ところがyahooやgooなどでの配信ニュースだけを見ていては読めない、
同日付・朝日新聞デジタル会員向けの記事には上記引用部分のあとに妙な事が書いてあります。
即ち、
「産地が誤表示になった経緯を巡っては、関係者の間で説明が食い違っている」
「京都西川は『卸売会社が(京都西川の)社員を脅してドイツ産の下げ札を取り寄せてつけた』と説明する」
「卸売会社は『京都西川の社員が自らドイツ産の札を付けた。

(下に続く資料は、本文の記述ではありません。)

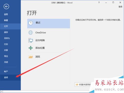 3、在打開的“文件”命令窗口中,點擊“選項”命令選項。如圖所示;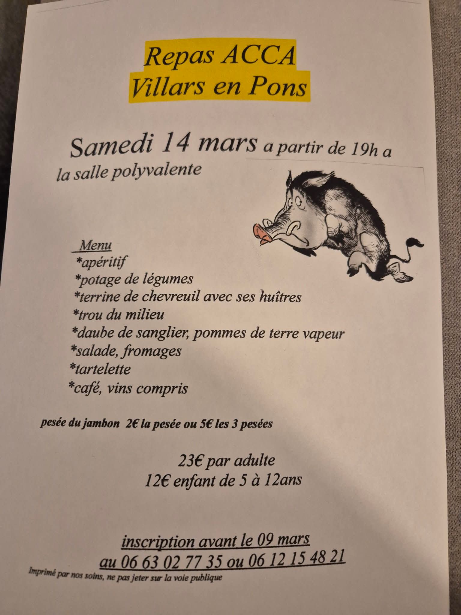 L'ACCa de Villars organise son traditionnel repas annuel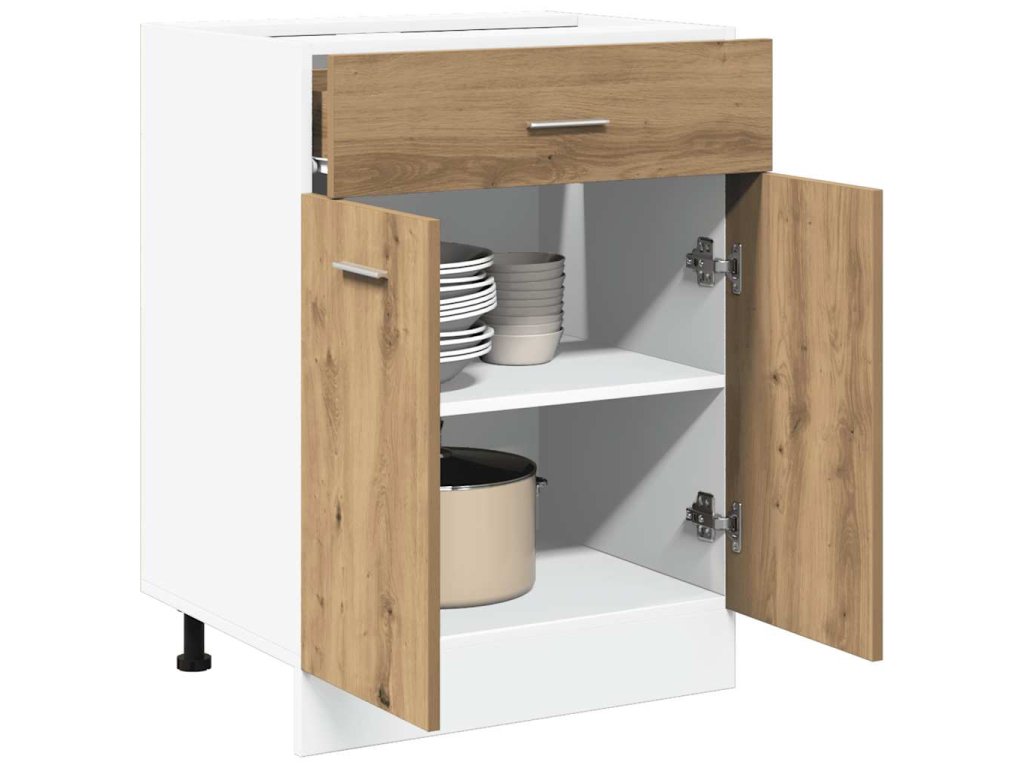 - Spousta úložného prostoru: Skříňka má 1 zásuvku a 2 přihrádky a nabízí dostatek prostoru pro uložení misek, talířů, hrnců nebo kuchyňských spotřebičů.

』」
「『3年前から両社に回収を要請しており、偽装を指摘した当社に責任転嫁』『言語道断』と反論している」
とあります。
ズブズブな有様が思い浮かびますね。
脅すという言葉が出てくるのにも驚きです。
羽毛ふとんは品質表示タグ裏面に羽毛の産地・品種を縫いこんでいない場合、
今回の様に下げ札(商品に吊り下げられている紙の証明書)に瑕疵があれば、
即ちそれが御旗になってしまうという実情があり、
やろうと思えば色々な事をやってしまう事も不可能ではない訳です。
今回のケースが実際にどうであったのかは分かりませんが、
朝日新聞にここまで書かれた以上は、
事実ならば告知を充実させるべきだし、事実で無いならば告知で反論すべきです。
また朝日新聞も、元々の商品価値を吊り上げる様な販売行為であったのか、
つまり偽装という言葉に踏み込んで報道したからには、
どういった悪質性のある製造・卸売・販売であったのか、
当時の店頭状況に関するものだけでも続報が欲しいものです。
この報道は恐らくは内部リークによるものでしょうから、判明しているのではないかと思うのですが。
先ずは盆明けの続報を待ちたいと思います。
※追記(28/8/22)
八月十九日に京都西川の公式HPで情報が更新され、
誤表示のもととなった下げ札の画像が追加されました。
画像を見る限りではダウンパスポートの類ではなく、
当商品にはドイツ産ダウンが充填されている、などと書かれた説明札な様に見えます。
但し羽毛証明書でなかろうとも誤認を招くには十分とも思えます。
ところで八月二十一日時点で、
当該記事をheadlineの形で配信していた、
yahooとgooの両記事が削除されました。
その理由は明らかにされていませんが、今後の展開は引き続き注目されるところです。
本丸の朝日新聞の記事はまだ健在ですので、
この誤表示・偽装報道がどうなっていくのか、
これが誤報なら新聞に謝罪広告を掲載しなければならないと思いますし、
根拠があるのであれば業者側はもっと踏み込んだ告知が必要になりますから、
関心を持って見つめていきたいと思います。
※なお、京都西川とL社では、
誤表示のあった羽毛合掛けふとんについてのお問い合わせ窓口が開設されています。
冒頭の画像は当該羽毛合掛けふとんのタグです。品番にご注目ください。
画像は京都西川様のHPより転載させていただきました。